Problem details:
Working from the start of the listing, please write out exactly the lines through the one that holds "๒ ตุลาคม ๒๕๖๘", both included, and omit all pictures.

Source data:
· · · · ·

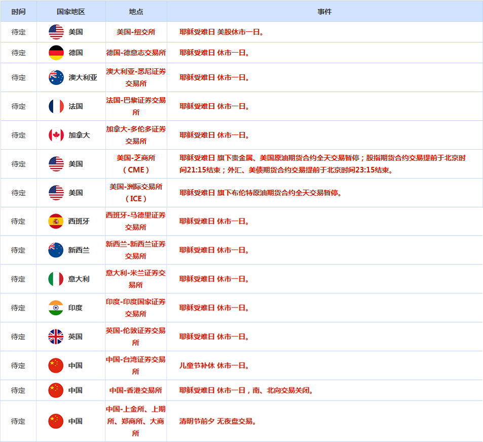 黄金:耶稣受难日休市一日。
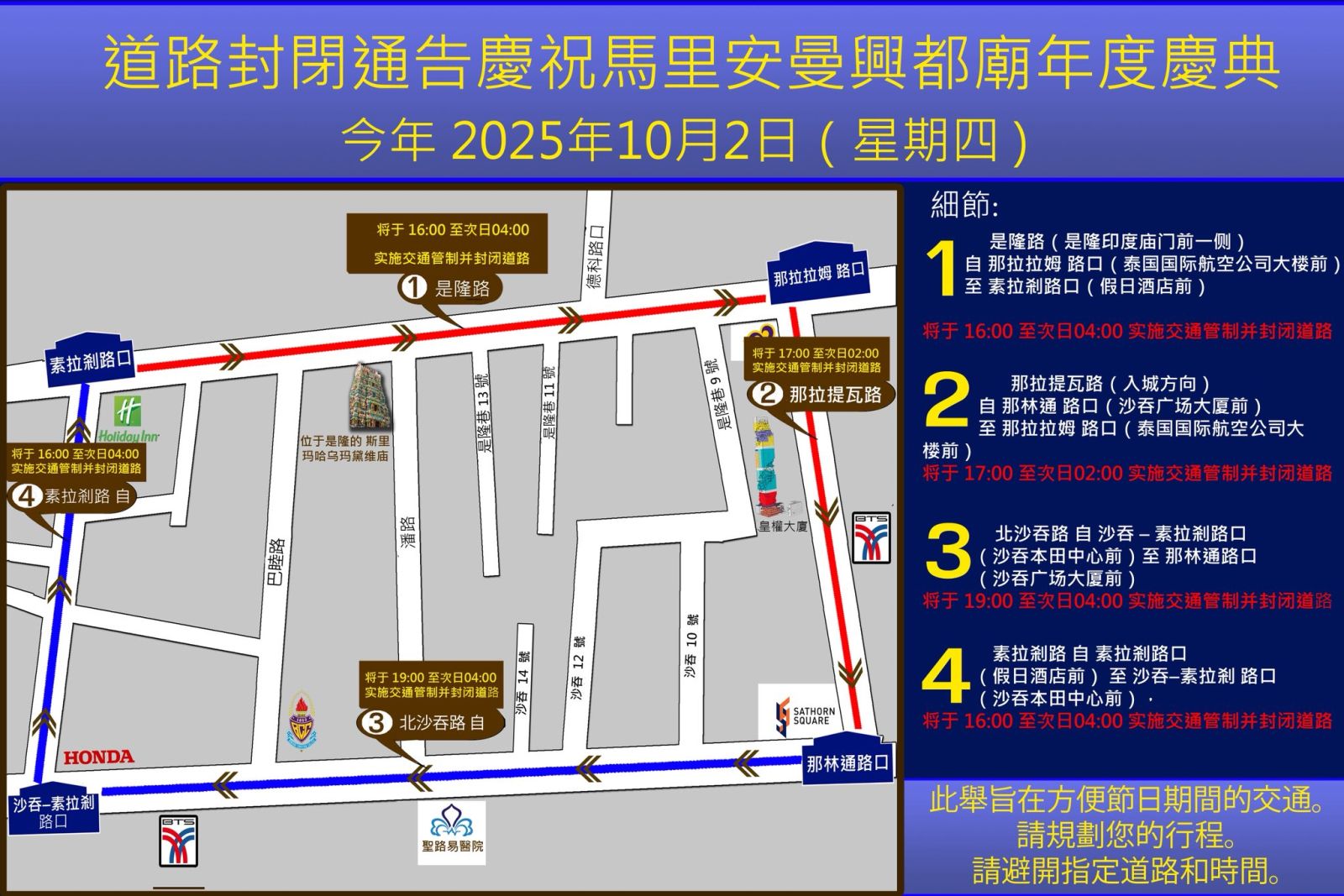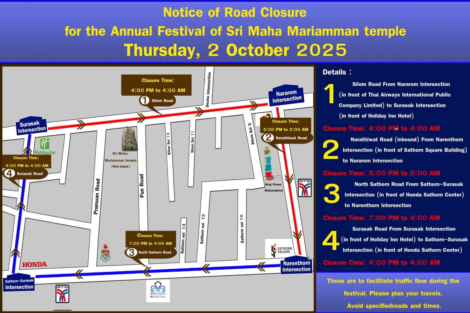 สถานีตำรวจนครบาลยานนาวา ประชาสัมพันธ์เส้นทาง กรณีมีการปิดการจราจร เนื่องในงานแห่ประเพณี วัดพระศรีมหาอุมาเทวี (วัดแขก สีลม) ประจำปี ๒๕๖๘ วันพฤหัสบดี ที่ ๒ ตุลาคม ๒๕๖๘
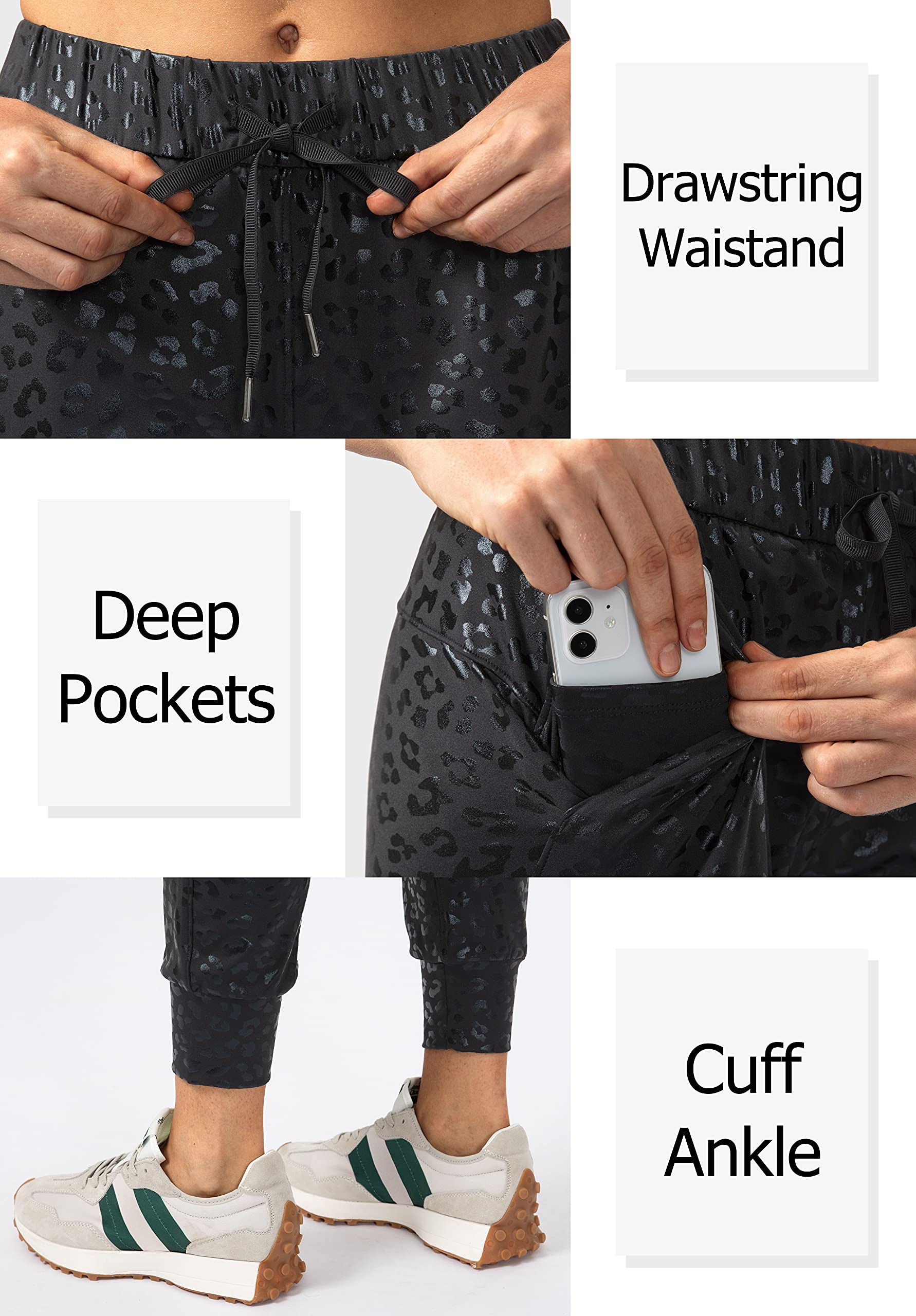 Fabric: 75% Polyamide/25% Elastane. Santiny womens joggers pants made of Soft,comfortable and four-way stretch fabric provide you with maximum comfort,support and coverage in your workout.
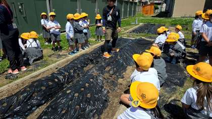 先週に引き続き今日も学習園で種植えです。今日はヒマワリの種を植えました。
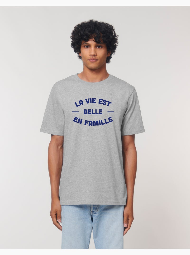 T-shirt Homme - LA VIE EST BELLE EN FAMILLE 2 FACE - Gris chiné
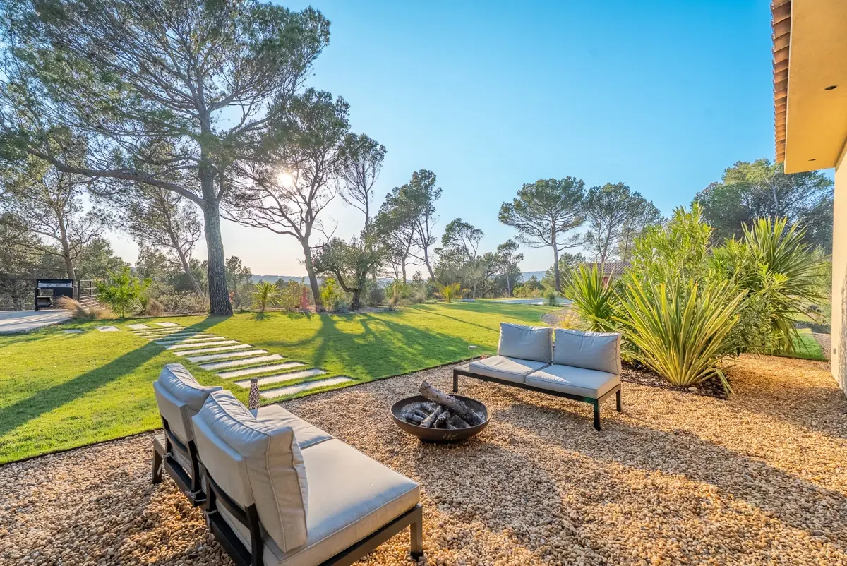 🌳 Avantages extérieurs : Le jardin arboré d’essences méditerranéennes, d’environ 6 000 m², profite d’une vue imprenable sur le village. Il accueille de nombreux espaces de détente : piscine, pool-house, brasero, boulodrome ainsi que plusieurs terrasses ombragées. Un soin particulier a été apporté au paysagement et à l’éclairage permettant de profiter du cadre, de jour comme de nuit.
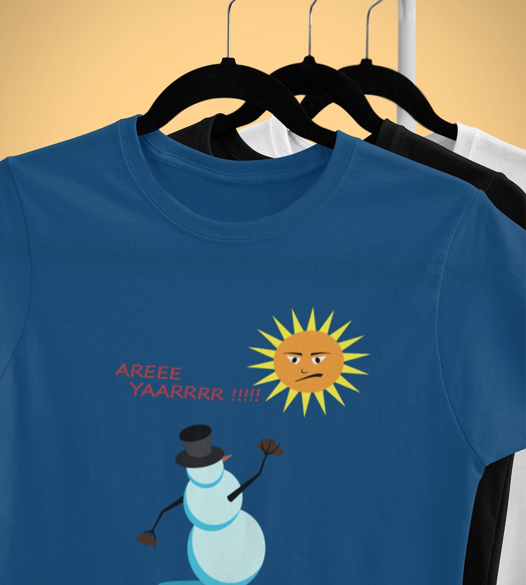 Angry Snowman : Unique Printed T-shirt (Blue) Best Gift For Boys Girls
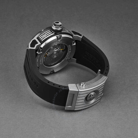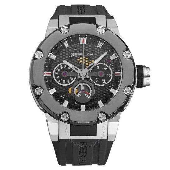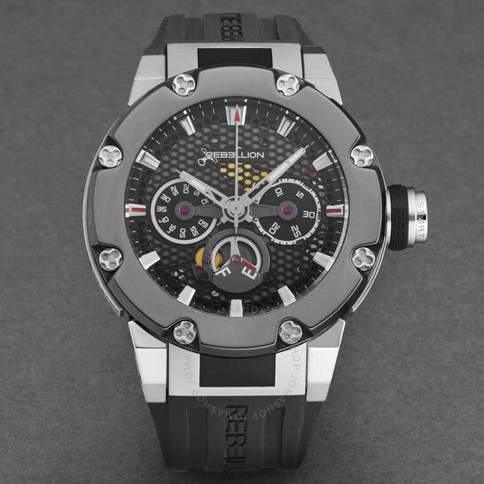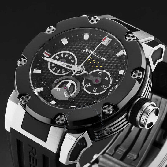 Silver-tone stainless steel case with a black rubber strap. Fixed black stainless steel bezel. Black dial with silver-tone hands and index hour markers. Minute markers around the outer rim. Dial Type: Analog. Luminescent hands and markers. Automatic movement. Scratch resistant sapphire crystal. Pull / push crown. Transparent case back. Round case shape, case size: 48 mm, case thickness: 16.2 mm. Band width: 29.5 mm. Deployment with push button release clasp. Water resistant at 100 meters / 330 feet. Functions: hours, minute, seconds, monopusher chronograph, power reserve. Additional Info: frequency: 28800 alt/h. Predator Series. Luxury watch style. Rebellion Predator Chronograph Automatic Black Dial Men's Watch RB.PR.MCH.STBC.
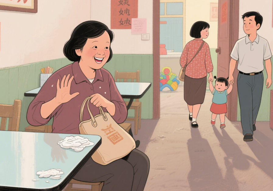 一天傍晚,我刚收摊,满身油烟味地赶到赵阿婆家接囡囡。囡囡正发着低烧,小脸通红,蔫蔫地趴在我怀里。
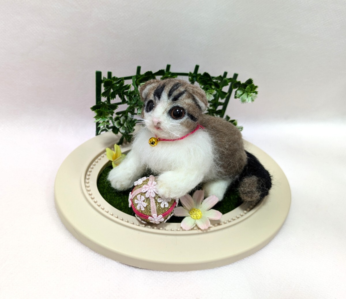 - 羊毛フェルト 猫 ネコ ねこ スコティッシュフォールド ぬいぐるみ ミニチュア ハンドメイド インテリア 置物

· · · · ·

Result for this task:
 黄金:耶稣受难日休市一日。
 สถานีตำรวจนครบาลยานนาวา ประชาสัมพันธ์เส้นทาง กรณีมีการปิดการจราจร เนื่องในงานแห่ประเพณี วัดพระศรีมหาอุมาเทวี (วัดแขก สีลม) ประจำปี ๒๕๖๘ วันพฤหัสบดี ที่ ๒ ตุลาคม ๒๕๖๘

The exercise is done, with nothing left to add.